Content starts

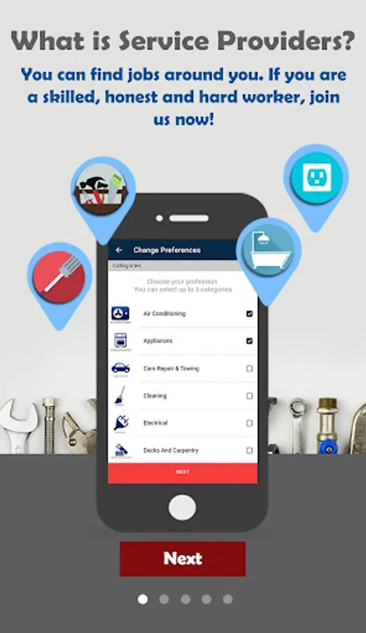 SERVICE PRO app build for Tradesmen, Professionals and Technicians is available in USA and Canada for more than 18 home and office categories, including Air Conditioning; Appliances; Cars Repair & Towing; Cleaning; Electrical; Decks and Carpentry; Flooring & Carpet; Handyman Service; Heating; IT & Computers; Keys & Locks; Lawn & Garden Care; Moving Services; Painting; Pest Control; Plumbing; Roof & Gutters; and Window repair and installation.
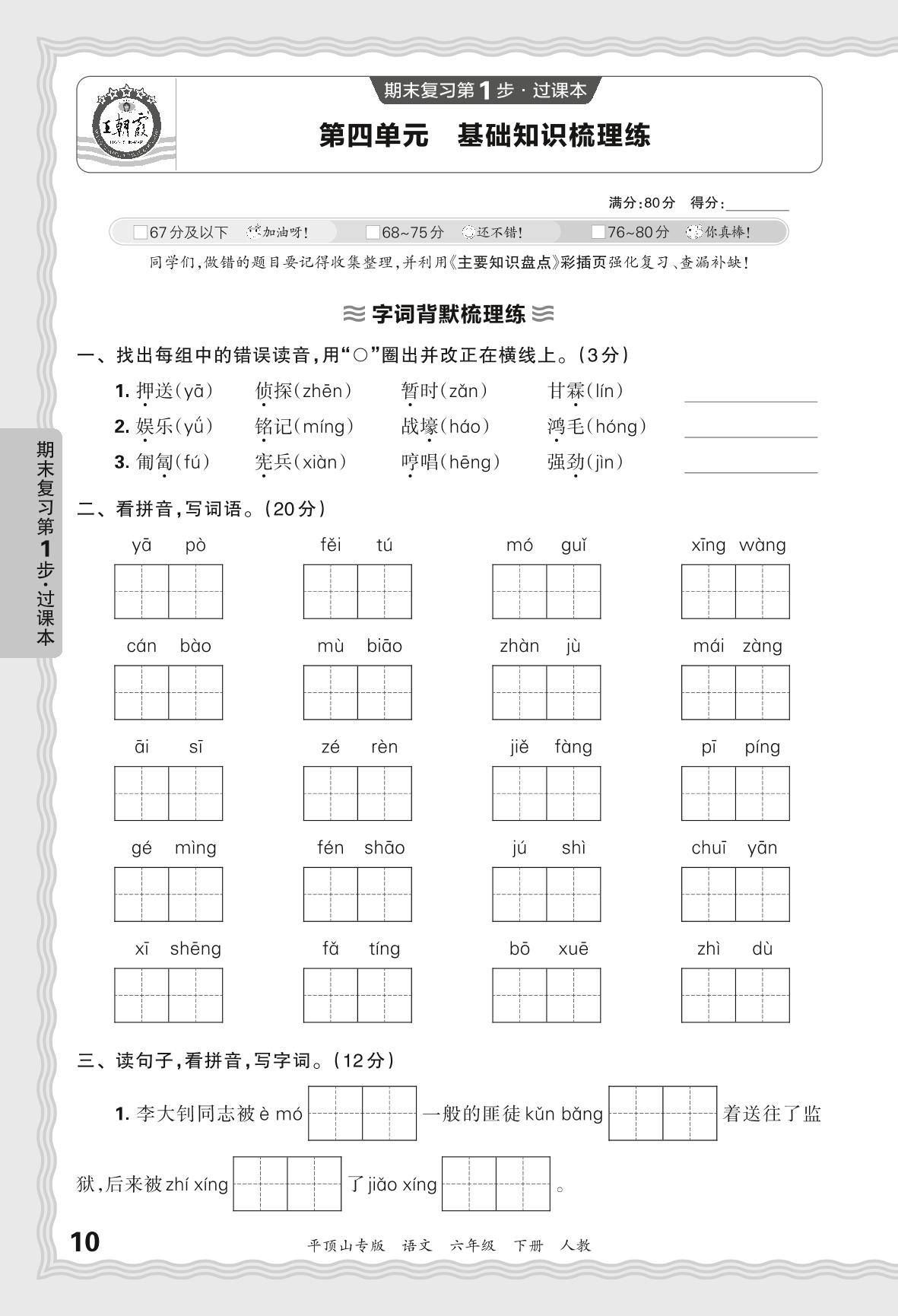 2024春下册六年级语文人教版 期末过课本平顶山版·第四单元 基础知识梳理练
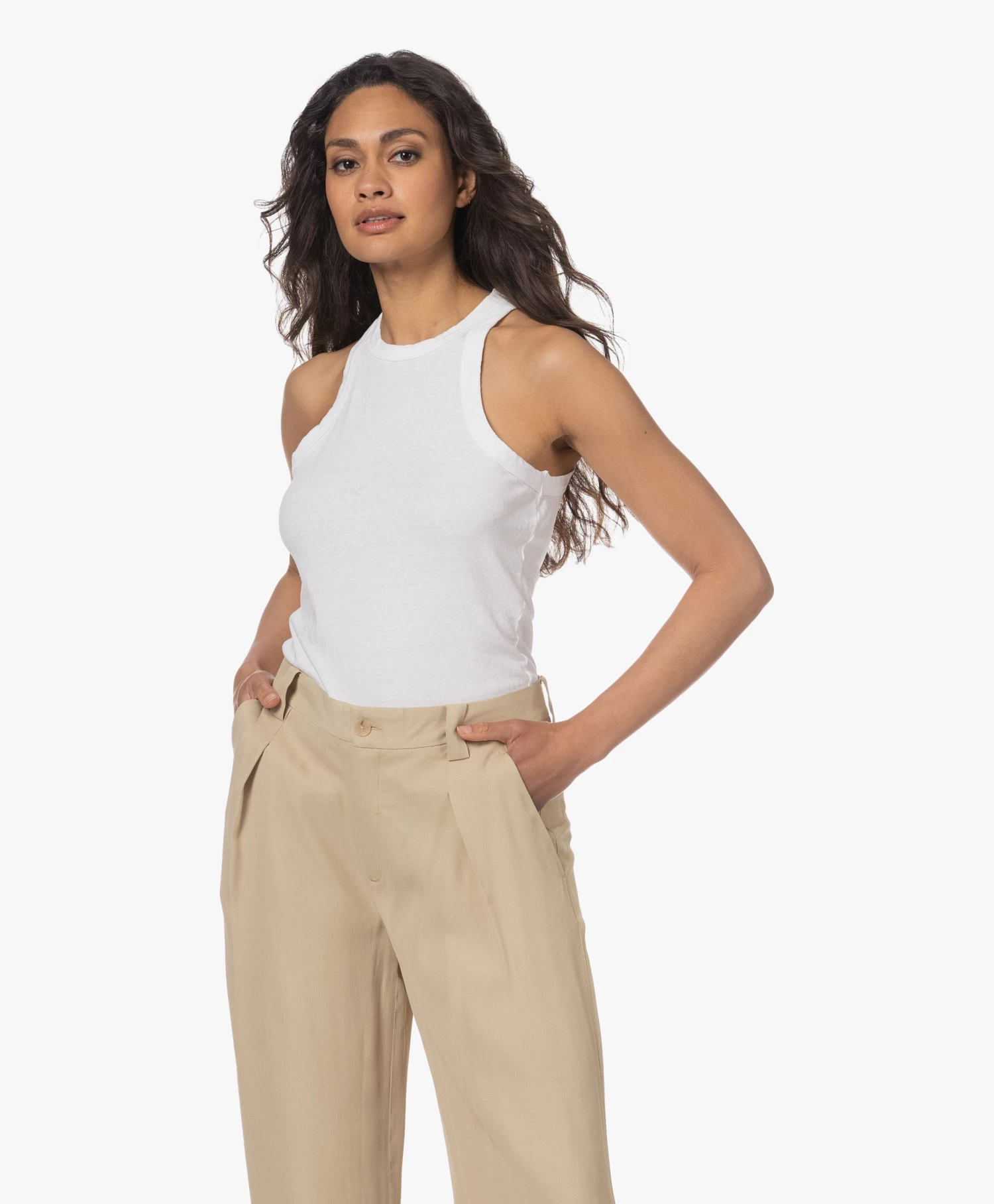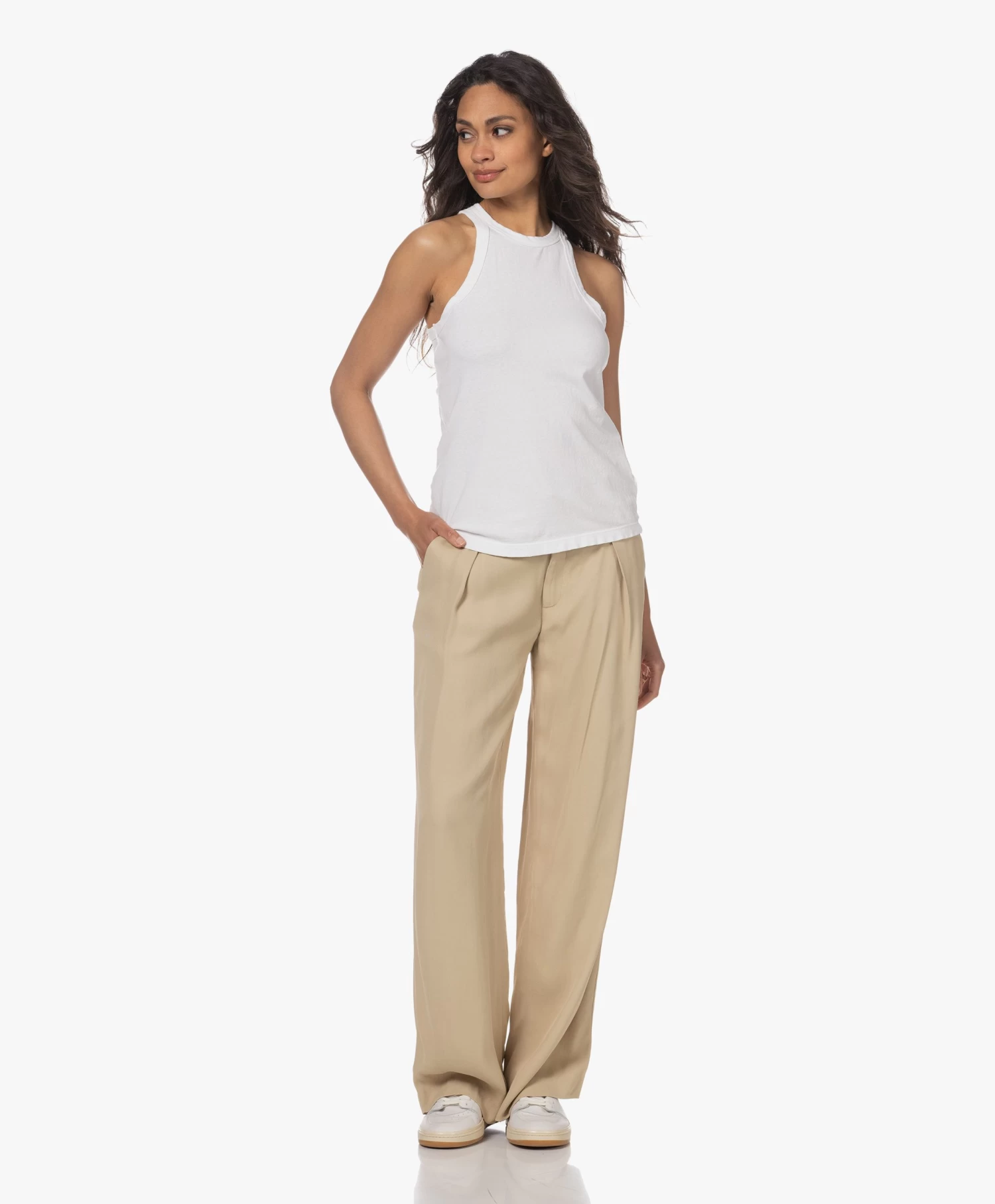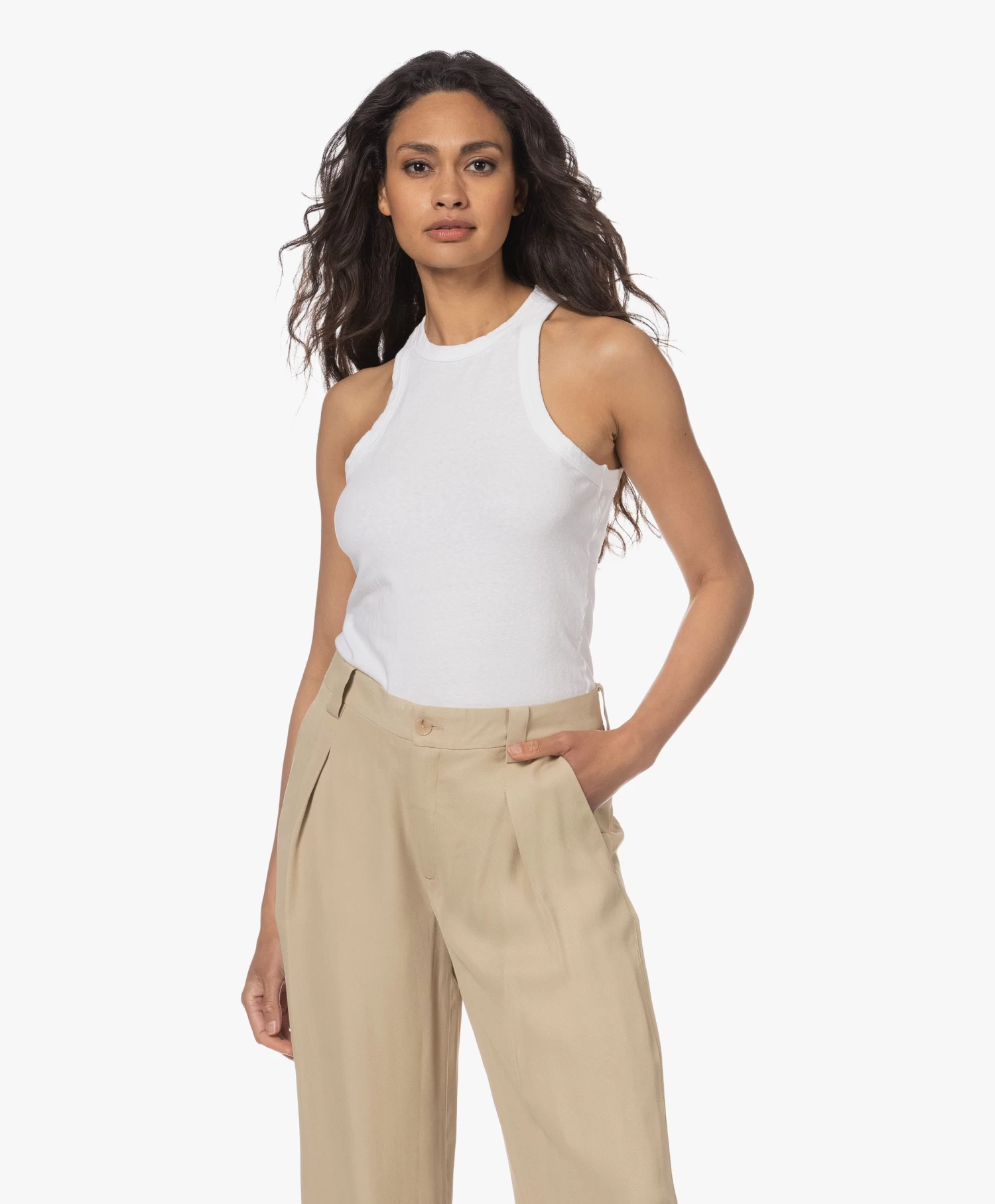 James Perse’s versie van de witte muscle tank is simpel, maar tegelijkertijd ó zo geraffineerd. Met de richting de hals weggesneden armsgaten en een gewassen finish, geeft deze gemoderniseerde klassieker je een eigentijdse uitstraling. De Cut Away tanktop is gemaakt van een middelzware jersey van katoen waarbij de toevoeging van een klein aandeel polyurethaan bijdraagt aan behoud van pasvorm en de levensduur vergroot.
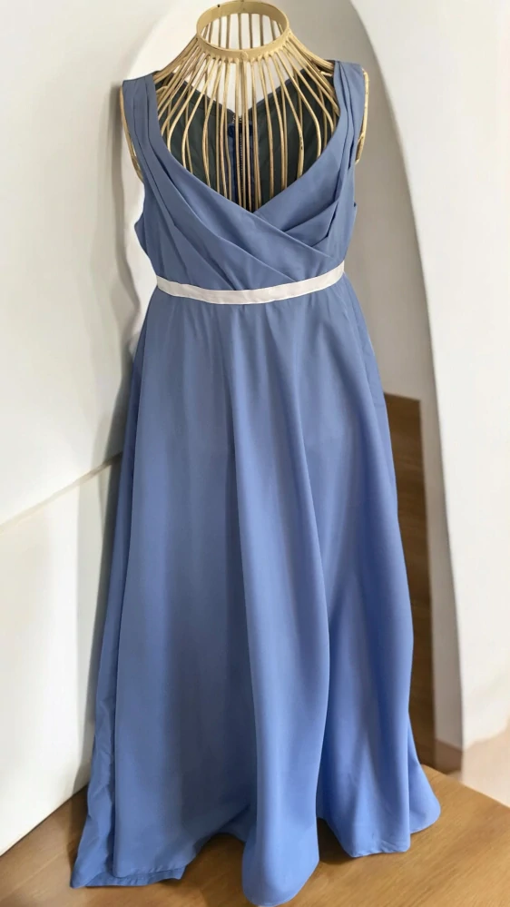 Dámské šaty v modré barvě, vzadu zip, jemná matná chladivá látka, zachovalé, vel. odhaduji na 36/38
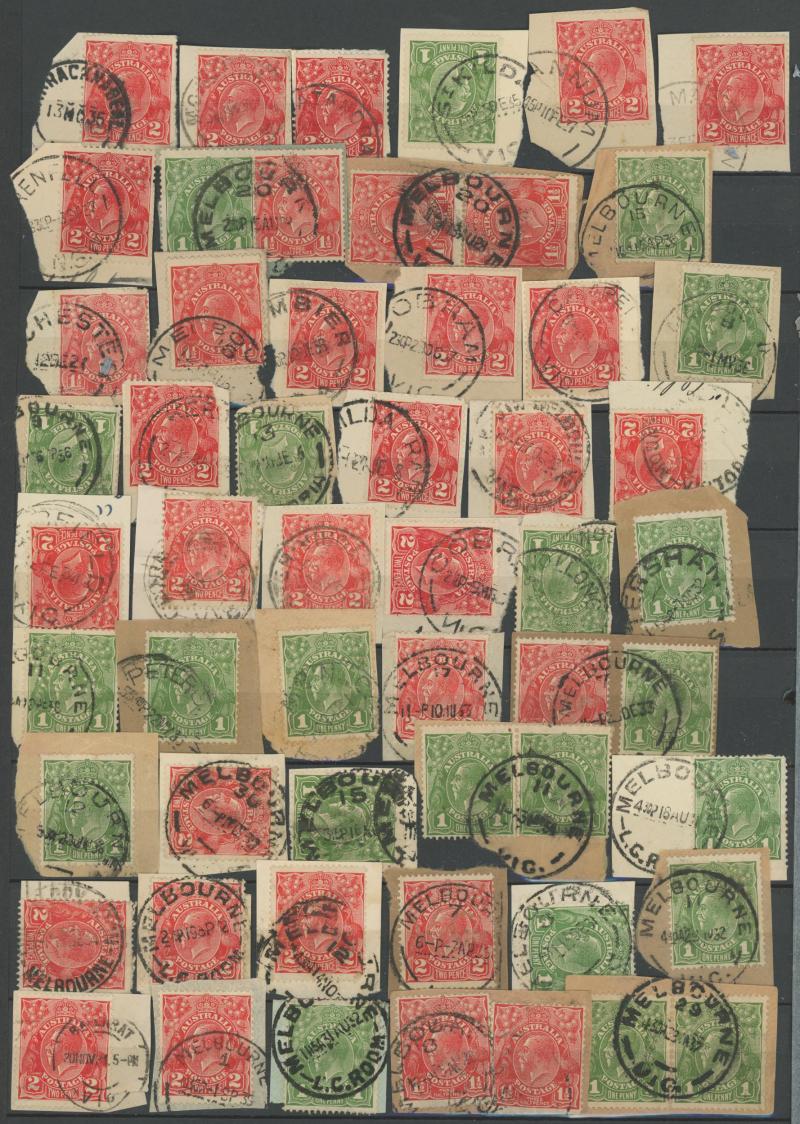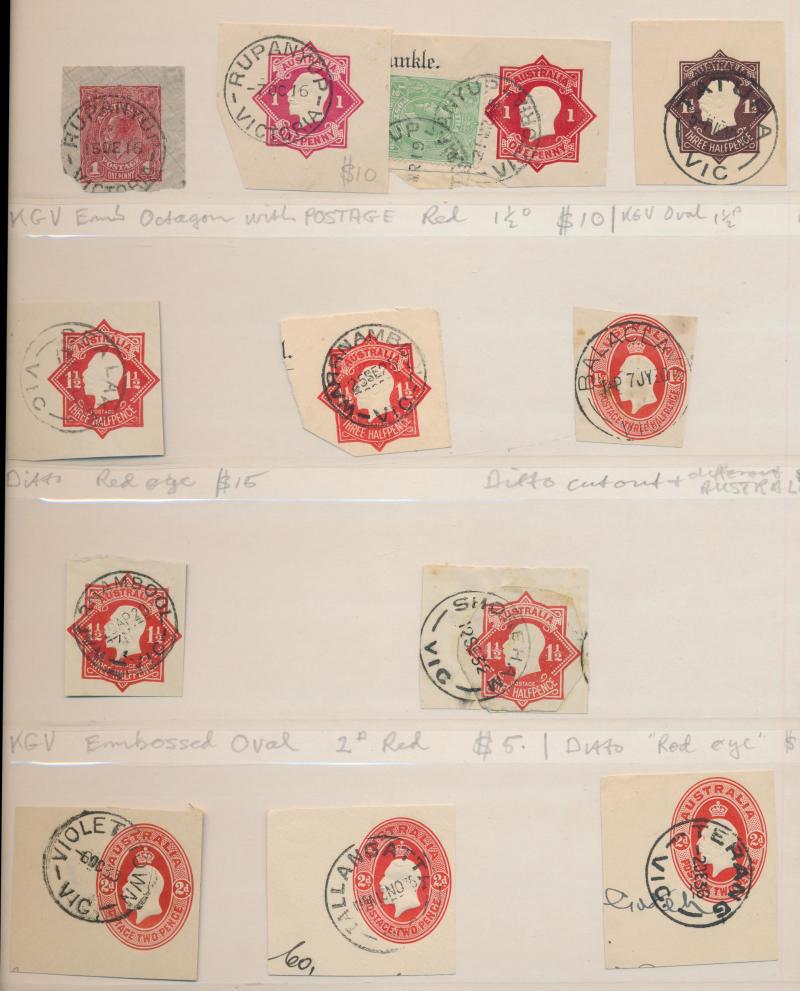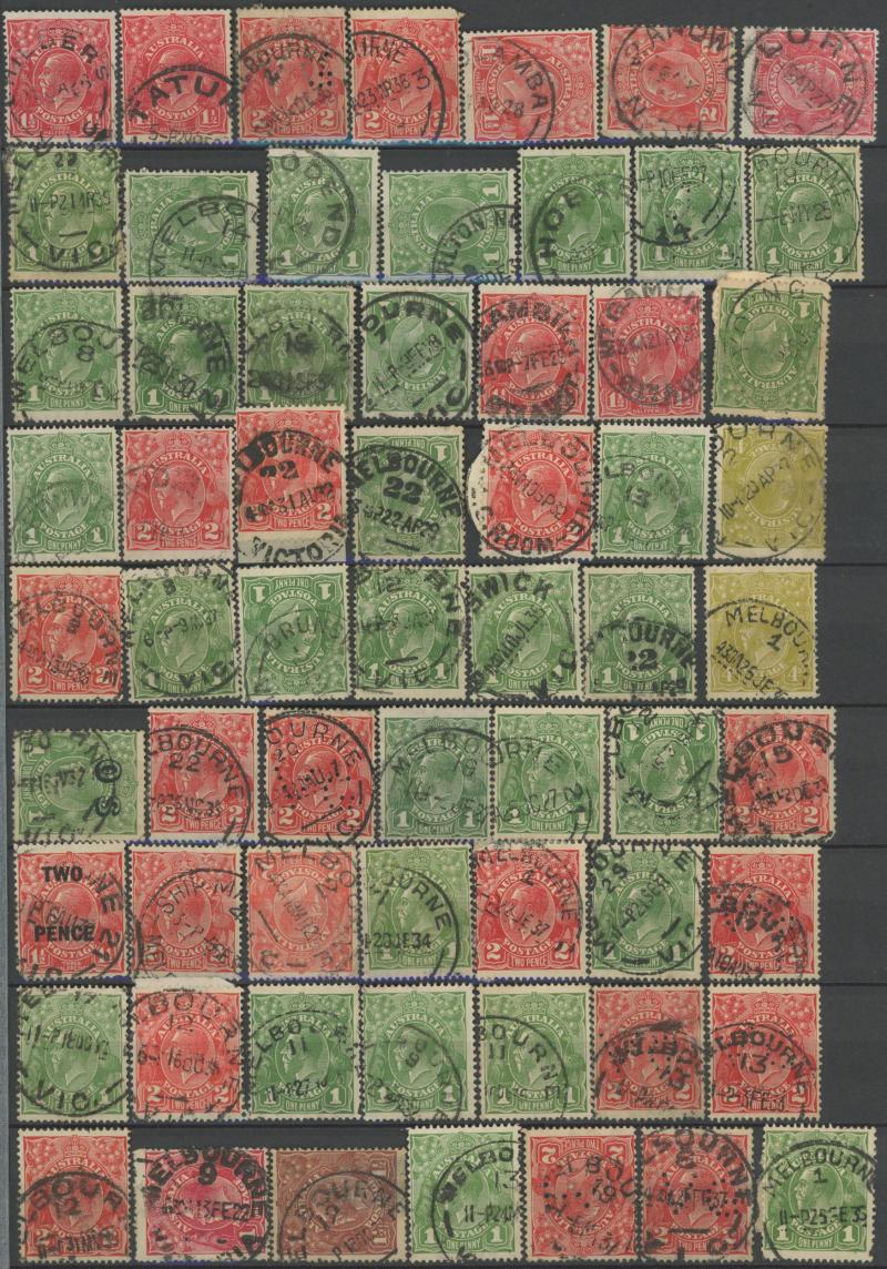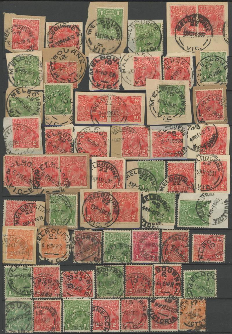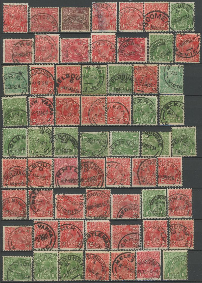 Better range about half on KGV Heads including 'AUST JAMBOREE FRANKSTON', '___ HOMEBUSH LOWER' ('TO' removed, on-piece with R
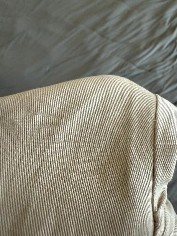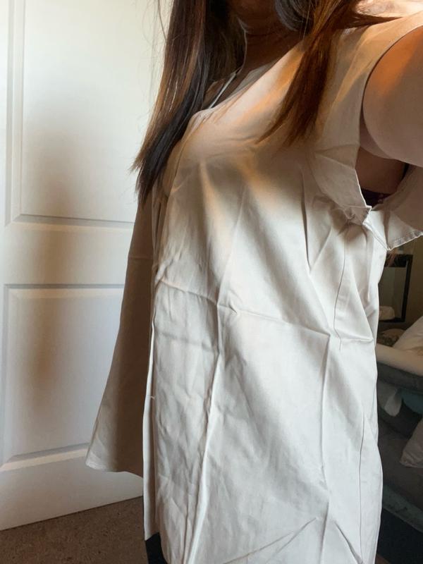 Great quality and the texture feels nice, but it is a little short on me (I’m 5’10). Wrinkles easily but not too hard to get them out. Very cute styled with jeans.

Content ends

Description of the task: In the answer, repeat exactly the lines from the top of the entries above through the line with "Dámské šaty v", and leave pictures out of it.

Task result:
 SERVICE PRO app build for Tradesmen, Professionals and Technicians is available in USA and Canada for more than 18 home and office categories, including Air Conditioning; Appliances; Cars Repair & Towing; Cleaning; Electrical; Decks and Carpentry; Flooring & Carpet; Handyman Service; Heating; IT & Computers; Keys & Locks; Lawn & Garden Care; Moving Services; Painting; Pest Control; Plumbing; Roof & Gutters; and Window repair and installation.
 2024春下册六年级语文人教版 期末过课本平顶山版·第四单元 基础知识梳理练
 James Perse’s versie van de witte muscle tank is simpel, maar tegelijkertijd ó zo geraffineerd. Met de richting de hals weggesneden armsgaten en een gewassen finish, geeft deze gemoderniseerde klassieker je een eigentijdse uitstraling. De Cut Away tanktop is gemaakt van een middelzware jersey van katoen waarbij de toevoeging van een klein aandeel polyurethaan bijdraagt aan behoud van pasvorm en de levensduur vergroot.
 Dámské šaty v modré barvě, vzadu zip, jemná matná chladivá látka, zachovalé, vel. odhaduji na 36/38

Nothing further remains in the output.